● Prompt
From the listing below, please restate exactly the lines beginning at the one with "This blouse exudes" and ending at the one with "パッケージ:17.0×22.", both included, and skip the pictures.

● Material for this task
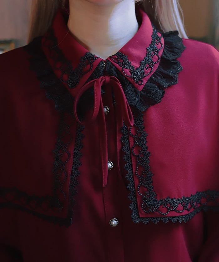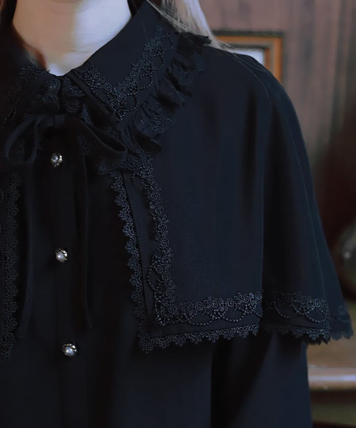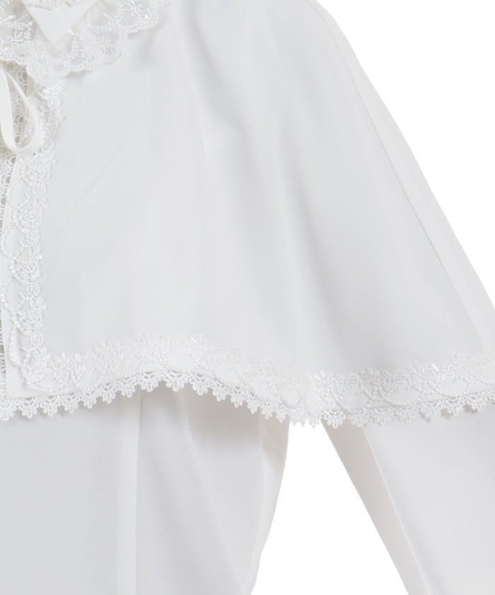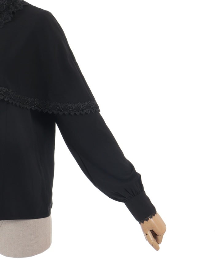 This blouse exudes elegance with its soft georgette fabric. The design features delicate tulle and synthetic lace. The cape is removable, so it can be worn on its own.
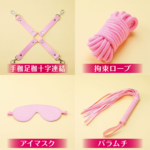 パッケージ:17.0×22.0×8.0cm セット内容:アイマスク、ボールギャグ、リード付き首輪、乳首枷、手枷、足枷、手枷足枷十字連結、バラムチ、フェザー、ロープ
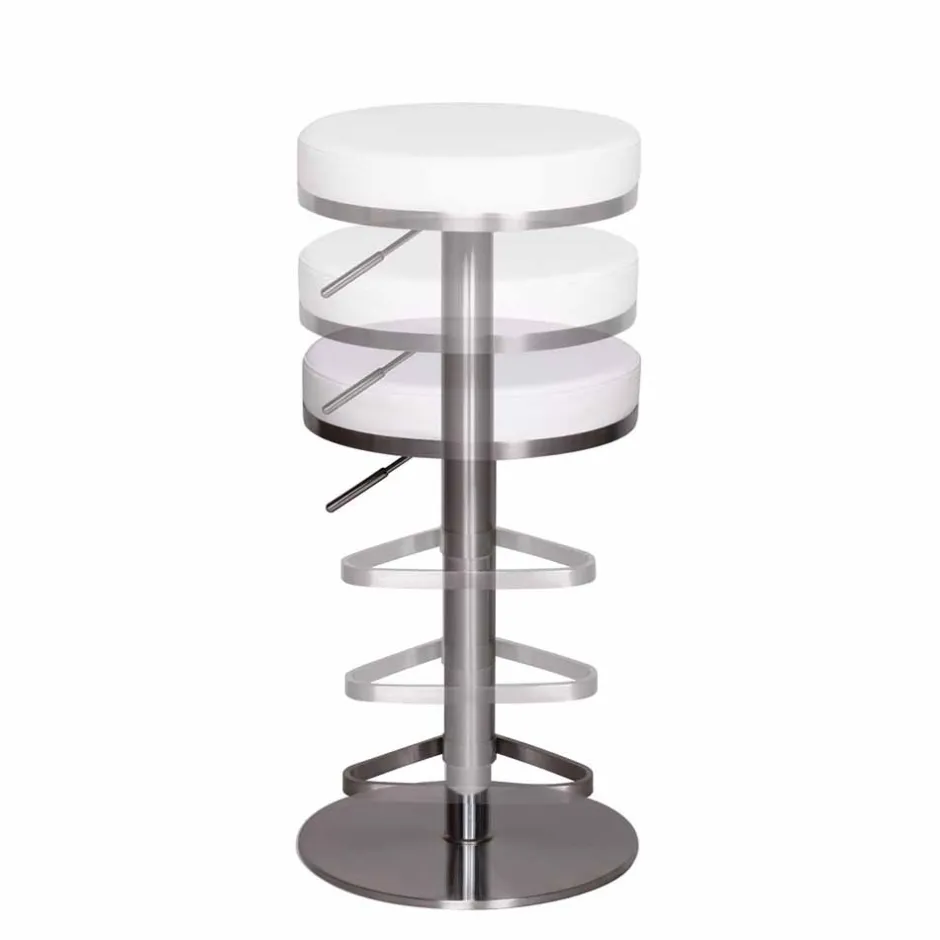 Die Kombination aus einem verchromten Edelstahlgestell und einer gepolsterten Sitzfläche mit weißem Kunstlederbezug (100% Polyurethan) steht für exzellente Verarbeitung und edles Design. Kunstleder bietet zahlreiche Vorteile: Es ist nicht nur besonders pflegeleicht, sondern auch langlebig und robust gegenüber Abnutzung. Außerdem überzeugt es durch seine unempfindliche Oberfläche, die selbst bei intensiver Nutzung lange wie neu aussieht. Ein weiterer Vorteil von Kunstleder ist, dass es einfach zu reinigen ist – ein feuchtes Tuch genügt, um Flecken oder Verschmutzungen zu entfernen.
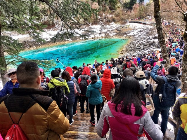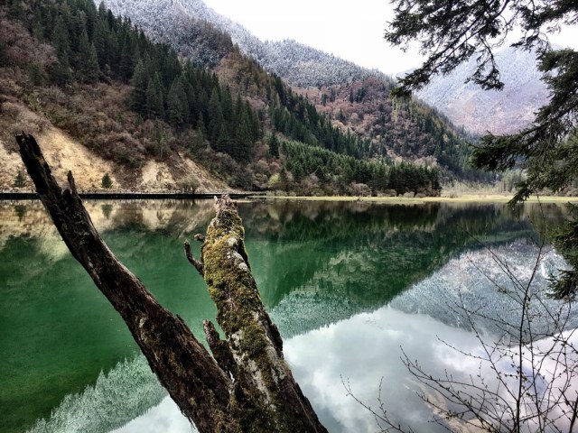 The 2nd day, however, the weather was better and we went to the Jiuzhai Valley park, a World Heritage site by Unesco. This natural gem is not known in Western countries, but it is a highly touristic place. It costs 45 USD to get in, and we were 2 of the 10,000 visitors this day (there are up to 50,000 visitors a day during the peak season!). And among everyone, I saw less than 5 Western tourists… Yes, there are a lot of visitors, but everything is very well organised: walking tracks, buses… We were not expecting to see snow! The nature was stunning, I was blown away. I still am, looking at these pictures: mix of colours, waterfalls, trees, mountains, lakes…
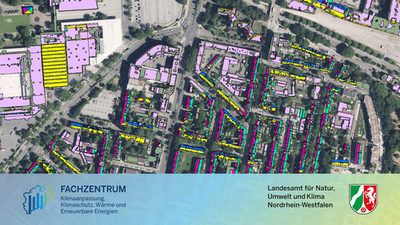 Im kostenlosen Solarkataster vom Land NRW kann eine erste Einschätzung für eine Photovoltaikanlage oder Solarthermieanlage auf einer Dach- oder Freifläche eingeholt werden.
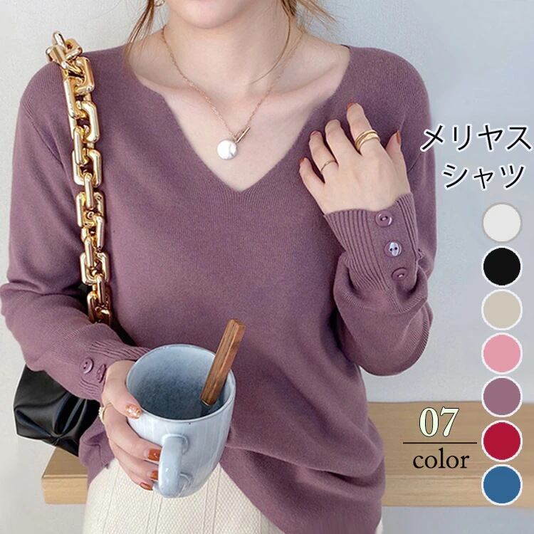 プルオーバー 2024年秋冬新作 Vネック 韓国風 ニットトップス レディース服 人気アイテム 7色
==
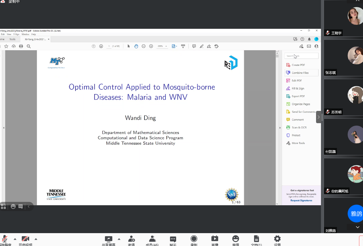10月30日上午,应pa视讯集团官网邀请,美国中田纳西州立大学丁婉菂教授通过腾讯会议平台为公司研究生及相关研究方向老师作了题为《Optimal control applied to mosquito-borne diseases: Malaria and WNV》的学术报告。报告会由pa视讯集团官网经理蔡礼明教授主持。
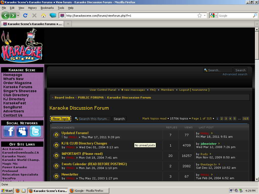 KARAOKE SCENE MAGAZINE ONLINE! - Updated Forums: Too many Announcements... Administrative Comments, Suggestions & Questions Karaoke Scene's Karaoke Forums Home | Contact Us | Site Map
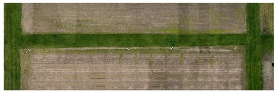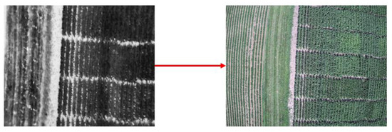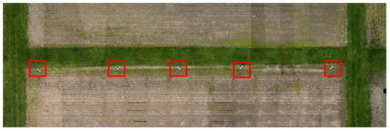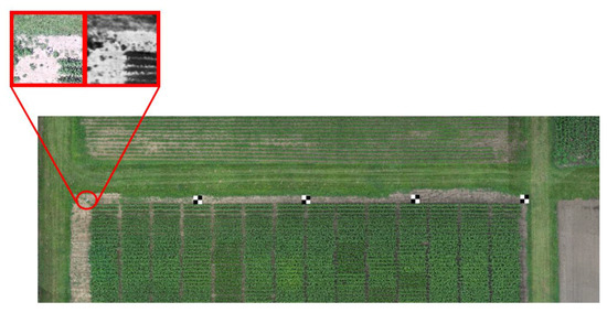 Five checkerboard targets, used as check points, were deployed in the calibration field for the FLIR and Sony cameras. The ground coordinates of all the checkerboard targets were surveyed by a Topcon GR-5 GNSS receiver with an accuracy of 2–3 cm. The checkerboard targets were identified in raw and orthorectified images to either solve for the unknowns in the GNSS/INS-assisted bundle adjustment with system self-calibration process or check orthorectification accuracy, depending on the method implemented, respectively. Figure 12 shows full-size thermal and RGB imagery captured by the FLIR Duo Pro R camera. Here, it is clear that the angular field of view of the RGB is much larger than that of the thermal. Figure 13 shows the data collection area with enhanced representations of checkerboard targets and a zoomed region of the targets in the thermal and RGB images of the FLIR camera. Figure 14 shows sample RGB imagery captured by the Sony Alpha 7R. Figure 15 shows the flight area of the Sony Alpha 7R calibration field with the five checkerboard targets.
==
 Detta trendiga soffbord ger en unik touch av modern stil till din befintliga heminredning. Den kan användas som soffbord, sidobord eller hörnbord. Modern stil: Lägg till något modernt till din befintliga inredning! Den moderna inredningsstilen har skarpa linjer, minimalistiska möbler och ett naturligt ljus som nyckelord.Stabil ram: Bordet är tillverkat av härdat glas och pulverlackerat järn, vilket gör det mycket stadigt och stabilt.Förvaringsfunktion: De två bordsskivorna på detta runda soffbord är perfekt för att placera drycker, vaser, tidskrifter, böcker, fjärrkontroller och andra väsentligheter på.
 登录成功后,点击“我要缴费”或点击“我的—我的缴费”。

● Answer to the problem
 This blouse exudes elegance with its soft georgette fabric. The design features delicate tulle and synthetic lace. The cape is removable, so it can be worn on its own.
 パッケージ:17.0×22.0×8.0cm セット内容:アイマスク、ボールギャグ、リード付き首輪、乳首枷、手枷、足枷、手枷足枷十字連結、バラムチ、フェザー、ロープ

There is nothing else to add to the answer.